Questo poteva solo significare che Filippo aveva fatto uno scoop. Angela era la giornalista della compagnia, o almeno cercava di esserlo; le risultava difficile trovare un impiego senza una spinta politica e quindi sfruttava la sua vicinanza alle tragedie giovanili per vendere i suoi articoli al primo giornale che li accettava.

Naturalmente quella chiamata poteva anche significare che Angela non era stata abbastanza dura con Filippo, quando gli aveva spiegato che non poteva esserci nulla tra loro due. Ma questa era acqua passata, qualcosa di remoto. Angela non si fa fraintendere. E Filippo era pur sempre Filippo. L’ultimo numero risulta proprio il suo, di lui, Michele. Pur non essendo sicuro del fatto che fosse stato proprio lui a chiamarlo quella mattina, questa coincidenza gli risulta un duro colpo.

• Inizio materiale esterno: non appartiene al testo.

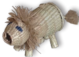
Cerdo de palma. Guerrero

Para aclarar dudas o hacer cualquier consulta, están a disposición los teléfonos 01 (55) 4155 0356/ 55/ 65 y los correos electrónicos evazquez@conaculta.gob.mx / adiazg@conaculta.gob.mx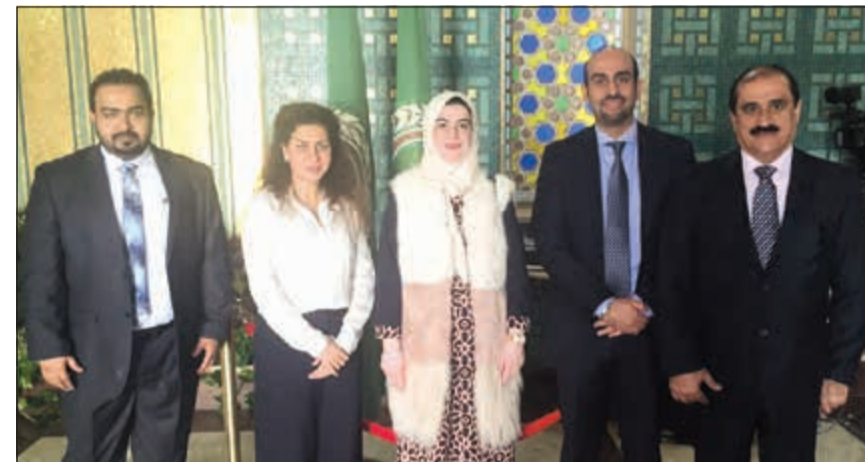
وقد الكويت إلى الاجتماع في لفة جماعية (ناصر عبد السيد)

المرأة يعني الاهتمام بصحة الأجيال القادمة، مؤكدة أن الكويت عملت على حماية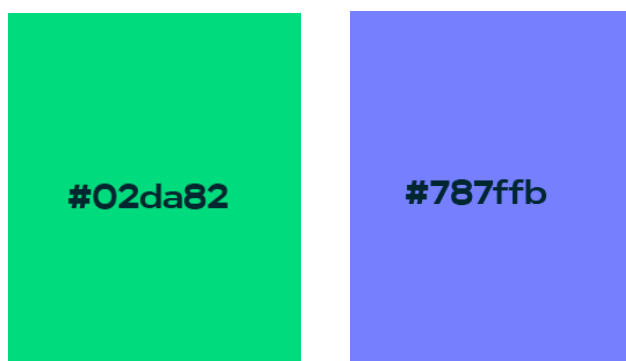
Figura 7 – Cores principais

As cores principais são o 'Verde-água' e o 'Lilás'. Cores que foram utilizadas para remeter a Universidade Barão de Mauá: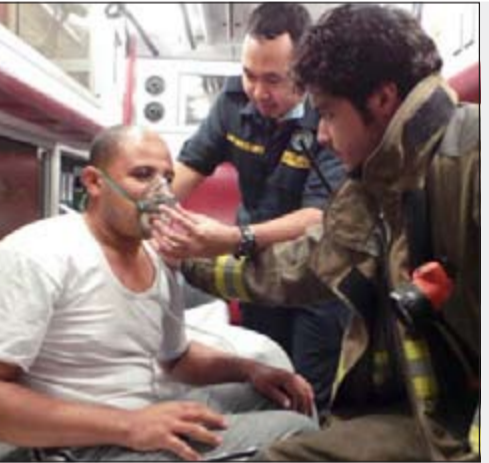
أحد سكان بناية خيطان تقدم اليه الاسعاف الأولية

استمراراً للجهود المبدولة من قبل الإدارة العامة لمكافحة المخدرات في ضبط ومتابعة مهربي المخدرات ومروجيها في اطار القضاء على هذه الظاهرة السلبية التي تضر بالمجتمع، تم ضبط شخصين أسويين وبحوزتهما 200 غرام من مادة الهيروين المخدرة وكمية من المؤثرات العقلية. وقد وردت معلومات الى الإدارة العامة لمكافحة المخدرات بإدارة العمليات تفيد بان هناك شخصاً أسويي الجنسية يقوم بترويج المواد المخدرة حيث يقوم بوضع المخدرات في أماكن يحددها للمتعاطين والمدمنين لعدم كشف هويته، ونجحت التحريات المكثفة التي قام بها رجال إدارة العمليات في التوصل لبياناته كاملة وتم استصدار اذن قانوني من النيابة العامة لضبطه وبمداهمة مسكنه عمر به على 50 غراماً من مادة الهيروين النقي، وخلال التحقيقات اعترف بوجود شريك له في الاتجار بالمخدرات وأبدي تعاونه للإرشاد عنه وتم الانتقال الى مسكن شريكه حيث تم ضبطه وبحوزته 150 غراماً من مادة الهيروين النقي وكمية من المؤثرات العقلية نوع «وروش» وبالتحقيق معه اعترف بانته يقوم بالاتجار بالمخدرات مع شريكه منذ فترة، وتمت احالة المتهمين والمضبوطات الى جهة الاختصاص. ● عبدالله فنيص- هاني الظفيري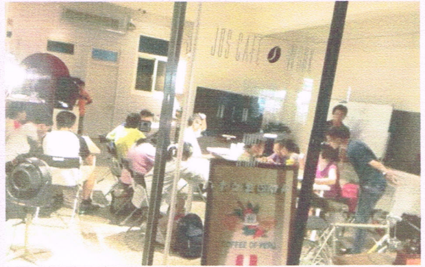
《兒少課輔》週一夜間陪讀服務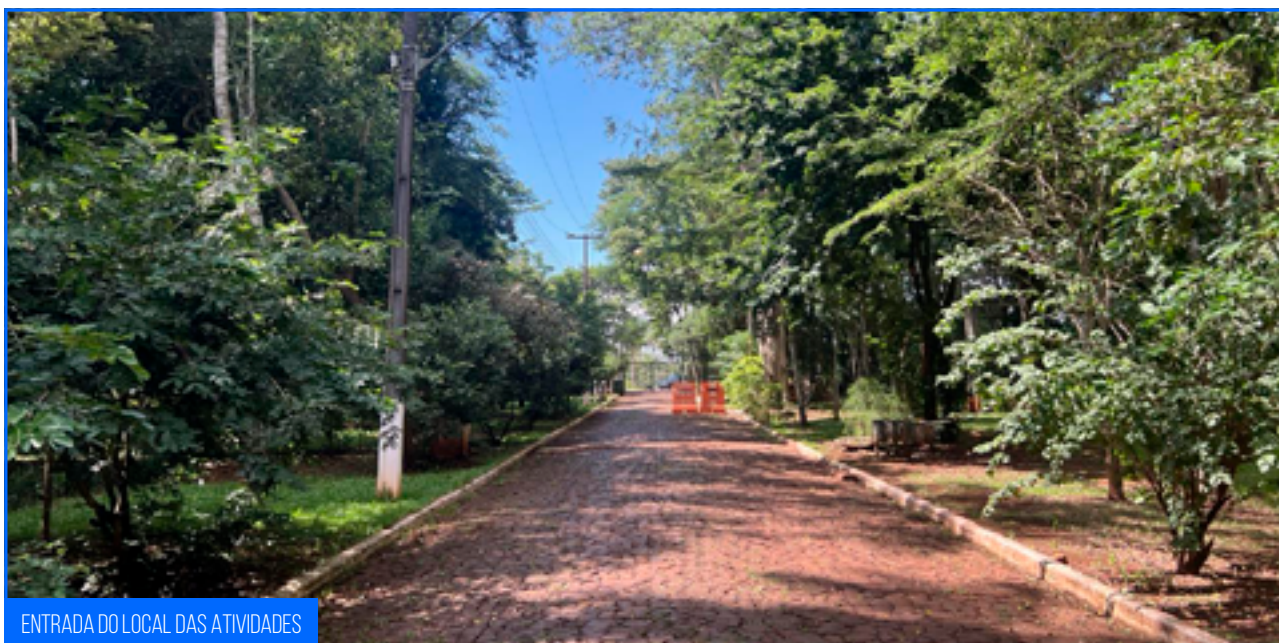
ENTRADA DO LOCAL DAS ATIVIDADES

Para um maior contato com a natureza, os visitantes podem vivenciar a experiência da trilha sensorial, na qual realizam um percurso em meio à vegetação local com o objetivo de estimular os cinco sentidos, através de obstáculos sensoriais, plantas medicinais e ornamentais, árvores nativas, placas coloridas e referenciadas, entre outros componentes.

Le chiamate in entrata invece sono poche, forse perché quelle non registrate provengono da numeri privati:
– barba-Michele
– Mamma
– Papà
– Casa vecchi
– barba-Michele
– Alberto
Si sente ancora rattristare da quella monotonia nella vita del povero amico e gli salta in mente che sarà poi il caso di andare a trovare i suoi genitori, per portare loro le sue condoglianze.

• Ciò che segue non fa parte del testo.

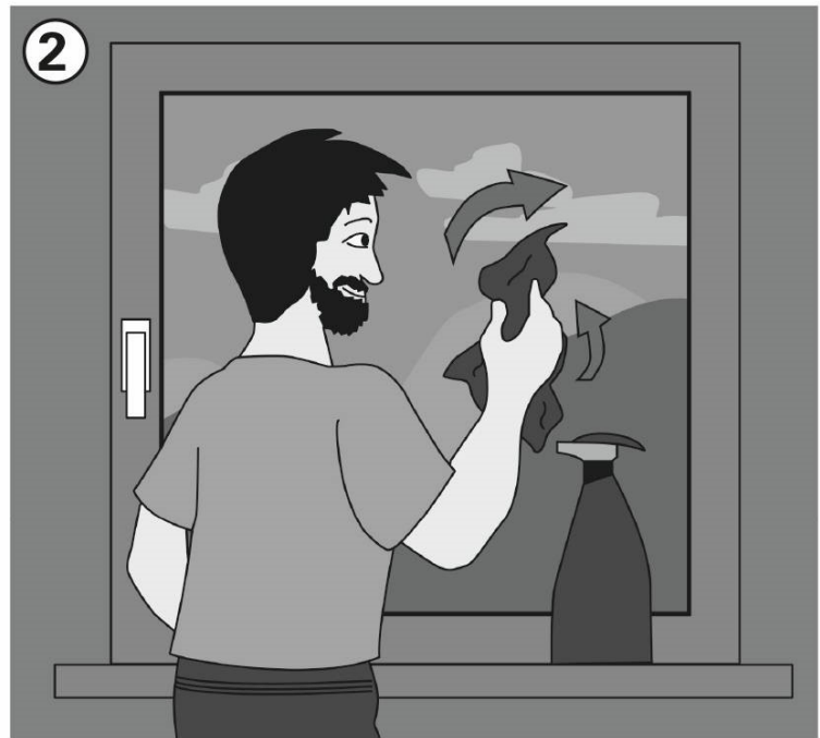
2 Fensterscheibe vorher reinigen und mit Wasser einsprühen.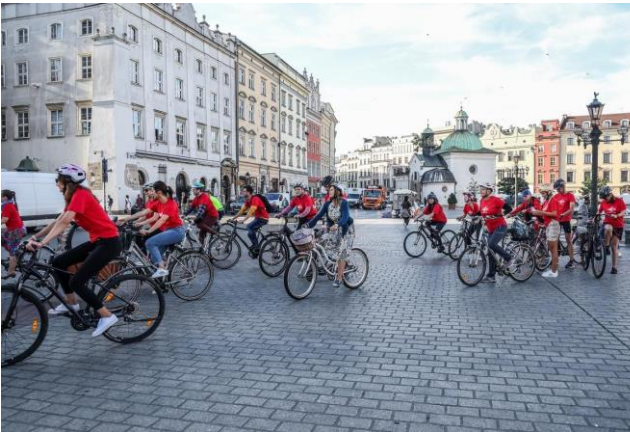
Fot. 14 Przejazd pracowników UMWM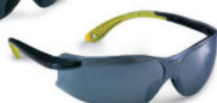
Proignite-BYCM Safety Eyewear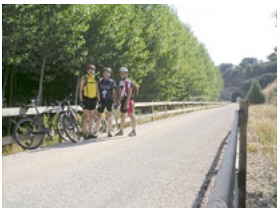
9. Grupo de ciclistas en la vía

Es recomendable para la travesía llevar agua, gorro para el sol, linterna y prismáticos, ya que pueden sernos útiles durante el transcurso de la ruta.

In questa lista risulta, però, anche l’ora delle chiamate: tutte risalgono al giorno precedente che, a causa dell’amnesia, è praticamente inesistente per Michele. Le riporta comunque sul block-notes per sicurezza. Ora deve controllare le impostazioni per visualizzare il numero relativo ai destinatari delle chiamate. Con un po’ di fatica le trova.

Appare il suo numero.

Michele soffoca, o almeno questa è la sensazione che prova. Si riprende. Pensare che Filippo l’aveva chiamato per chiedere aiuto e che lui non era stato in grado di alzarsi e trovare il telefono in tempo per rispondergli, gli faceva uno strano effetto. Pensa che, dopo tutto, non è così sicuro che fosse riuscito a chiamarlo. Magari gli serviva oscurare il numero per fare uno scherzo ad Angela…Niente da fare. La sua mente ora è entrata in un circolo vizioso di sensi di colpa e, per uscirne, deve fare qualcos’altro, occupare la mente altrove. E indagare ulteriormente poteva essere l’ideale.

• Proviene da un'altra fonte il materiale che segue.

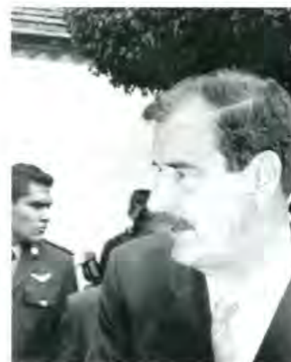
De nada sirvió el exhorto de los legisladores, ni el cabildeo con los gobernadores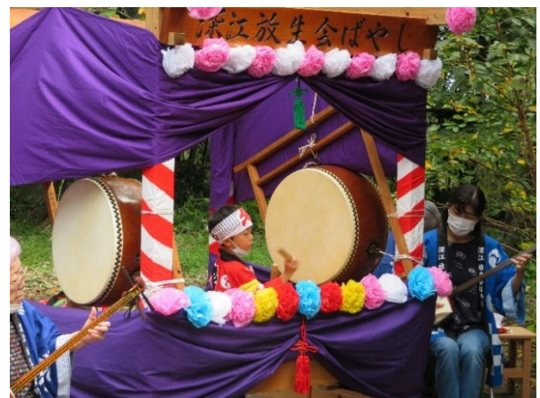
深江放生会囃子保存会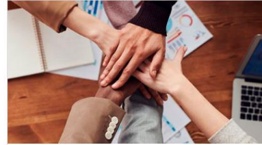
Comité de Control y Desempeño Institucional (COCODI)

Dopo tutto quella busta gialla sembrava contenere molti fogli che avrebbero saputo costringerlo al tavolo per un’attenta e dettagliata lettura. Aprendola e svuotandola, con un solo movimento s’impossessa delle carte. Almeno quaranta fogli A4 scritti fitti fitti da controllare.

L’ironia gli viene in aiuto: “Buon lavoro Michele”.